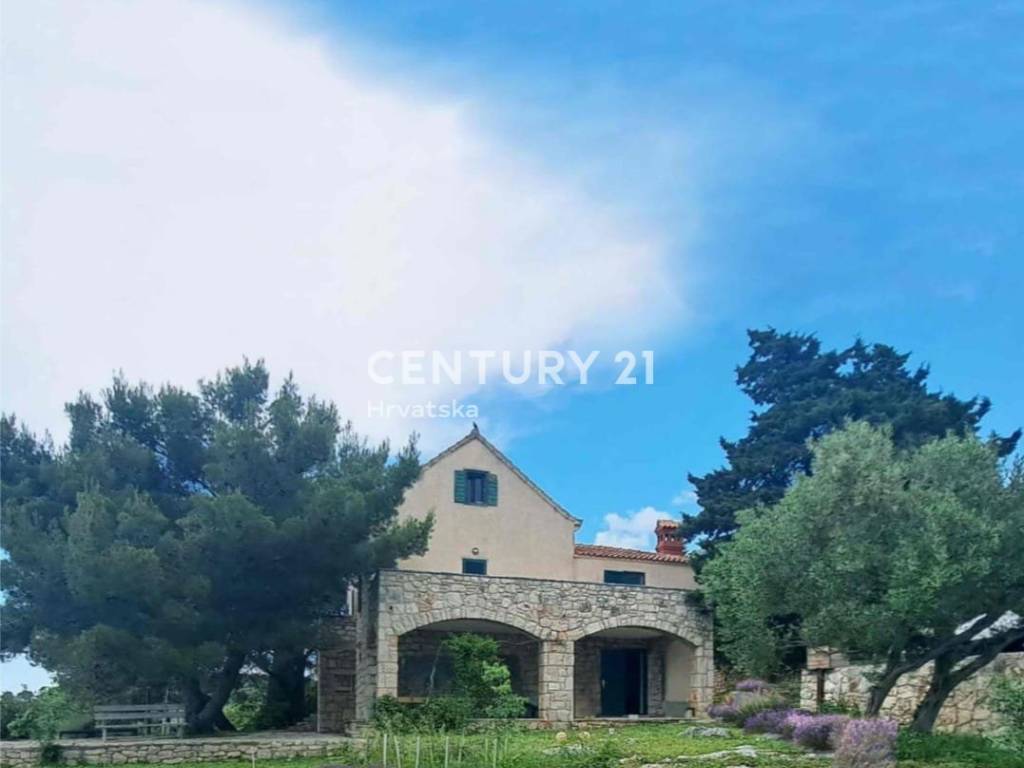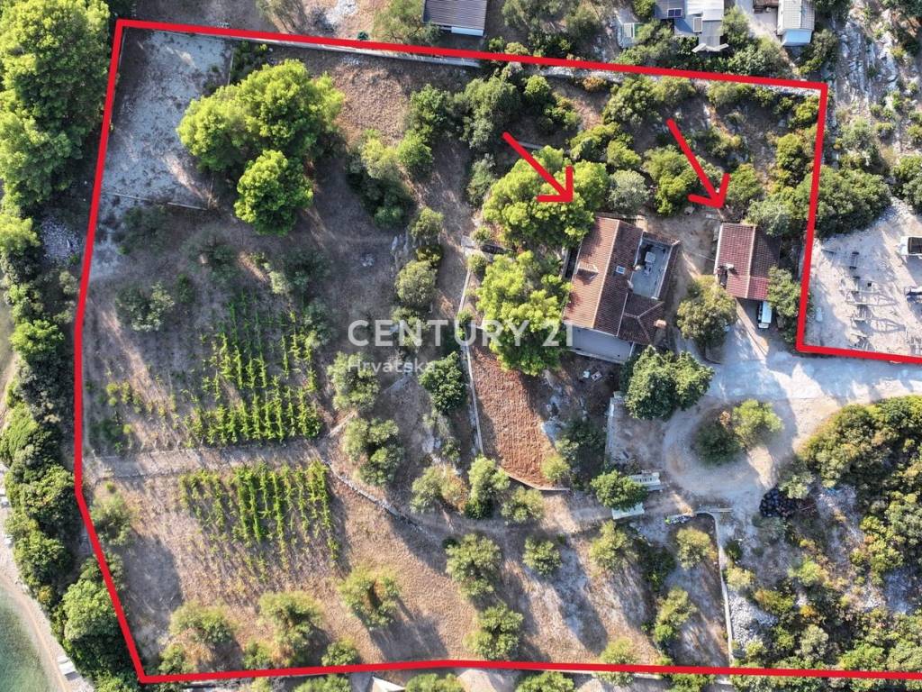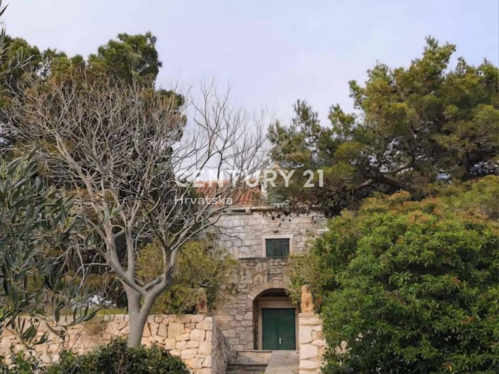 An einem einzigartigen Standort, an einem sanften Hang, der zum Meer abfällt, befindet sich eine authentische Steinvilla mit Nebengebäude und einer gesamten Bruttogeschossfläche von 545 m2 auf einem beeindruckenden Grundstück von fast einem Hektar.
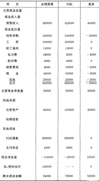 业绩预算则是以实际销售数量为基础,按照计划价格,预算的变动费率和固定成本进行计算的。 实际的数字则根据会计记录填列。 活动差异主要是指由于销售数量的增减而引起销售收入和变动成本的变化,根据业绩预算的利润计划比较来确定。业绩预算的销售收入较利润计划增多,是增加盈利的有利因素,常以正数表示,反之以负数表示。变动成本的表示方法则相反,业绩预算的变动成本大于利润计划中的数额为不利因素,以负数表示,反之则以正数表示。 价格差异是指销售价格变动而引起,比如实际销售收入与业绩预算的差异12000元,其销售数量都是以实际为基础,所以只能是价格变动引起的。 图表3-10 现金流量报告 19××年 单位:元
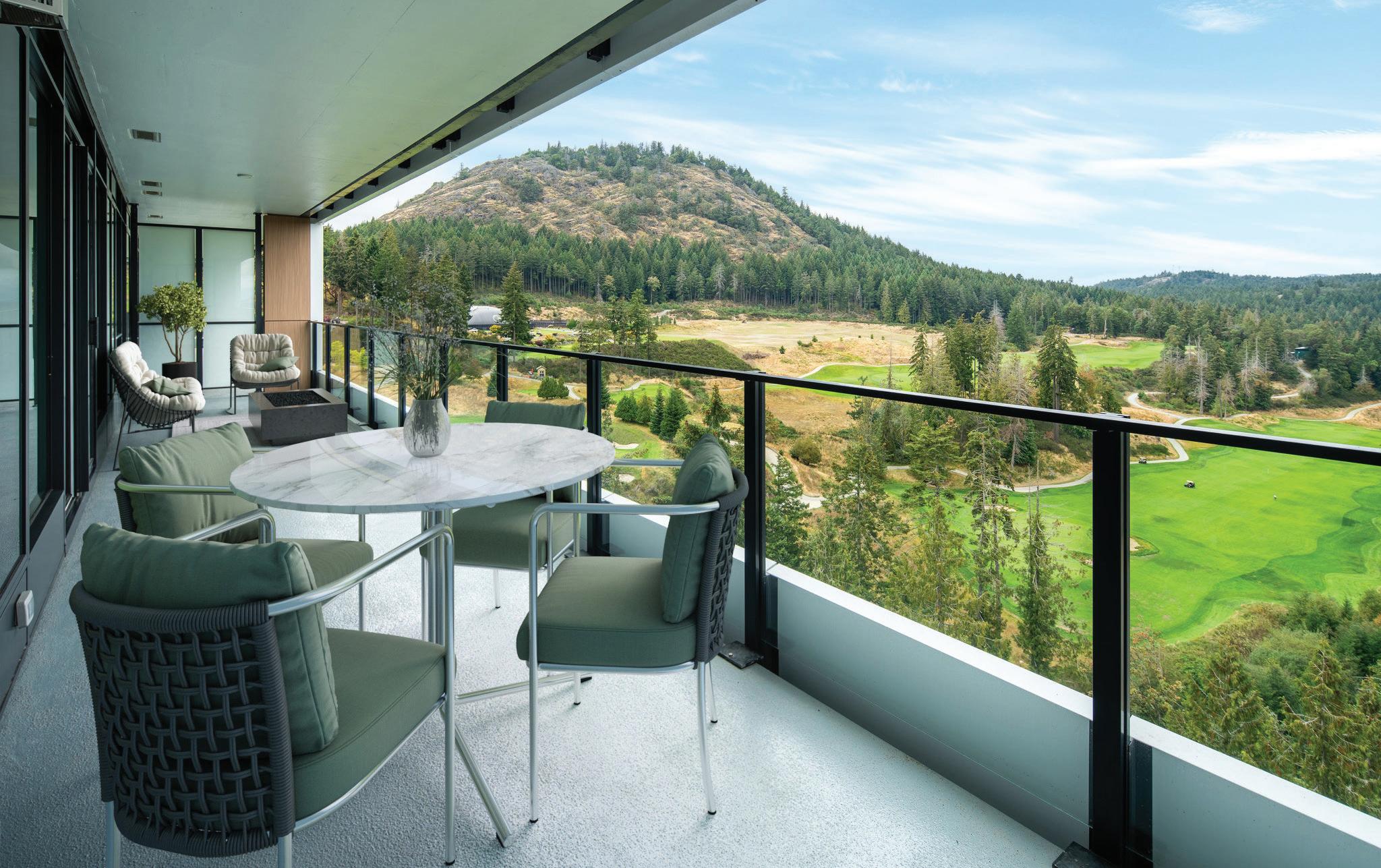 Set high on the 13th floor of One Bear Mountain, this impeccably curated two-bedroom plus den residence blends architectural refinement with sweeping views across the 18th fairway. Floor-to-ceiling windows and wide-plank hardwood floors frame approximately 1,150 sq ft of elegant living space, while an expansive 8’ x 40’ deck extends the home outdoors—ideal for quiet mornings and refined entertaining. The kitchen features Italian cabinetry, quartz countertops, and an integrated Bosch appliance package with gas cooktop and wall oven. The primary suite offers a custom walkin closet, spa-inspired ensuite, and direct deck access. Residents enjoy resort-level amenities including a 15th-floor infinity pool, fitness and yoga studios, and private dining spaces within one of Greater Victoria’s most distinguished lifestyle communities. https://1314onebearmountain.tarahearnstories.com/
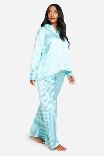 Boohoo Klasszikus Kismama Pizsama Csíkos Ing Gombos Nadrág Gumis Boohoo 38

- Assignment -
All of the data above is to be repeated exactly, with the pictures left out.

- Task output -
 An einem einzigartigen Standort, an einem sanften Hang, der zum Meer abfällt, befindet sich eine authentische Steinvilla mit Nebengebäude und einer gesamten Bruttogeschossfläche von 545 m2 auf einem beeindruckenden Grundstück von fast einem Hektar.
 业绩预算则是以实际销售数量为基础,按照计划价格,预算的变动费率和固定成本进行计算的。 实际的数字则根据会计记录填列。 活动差异主要是指由于销售数量的增减而引起销售收入和变动成本的变化,根据业绩预算的利润计划比较来确定。业绩预算的销售收入较利润计划增多,是增加盈利的有利因素,常以正数表示,反之以负数表示。变动成本的表示方法则相反,业绩预算的变动成本大于利润计划中的数额为不利因素,以负数表示,反之则以正数表示。 价格差异是指销售价格变动而引起,比如实际销售收入与业绩预算的差异12000元,其销售数量都是以实际为基础,所以只能是价格变动引起的。 图表3-10 现金流量报告 19××年 单位:元
 Set high on the 13th floor of One Bear Mountain, this impeccably curated two-bedroom plus den residence blends architectural refinement with sweeping views across the 18th fairway. Floor-to-ceiling windows and wide-plank hardwood floors frame approximately 1,150 sq ft of elegant living space, while an expansive 8’ x 40’ deck extends the home outdoors—ideal for quiet mornings and refined entertaining. The kitchen features Italian cabinetry, quartz countertops, and an integrated Bosch appliance package with gas cooktop and wall oven. The primary suite offers a custom walkin closet, spa-inspired ensuite, and direct deck access. Residents enjoy resort-level amenities including a 15th-floor infinity pool, fitness and yoga studios, and private dining spaces within one of Greater Victoria’s most distinguished lifestyle communities. https://1314onebearmountain.tarahearnstories.com/
 Boohoo Klasszikus Kismama Pizsama Csíkos Ing Gombos Nadrág Gumis Boohoo 38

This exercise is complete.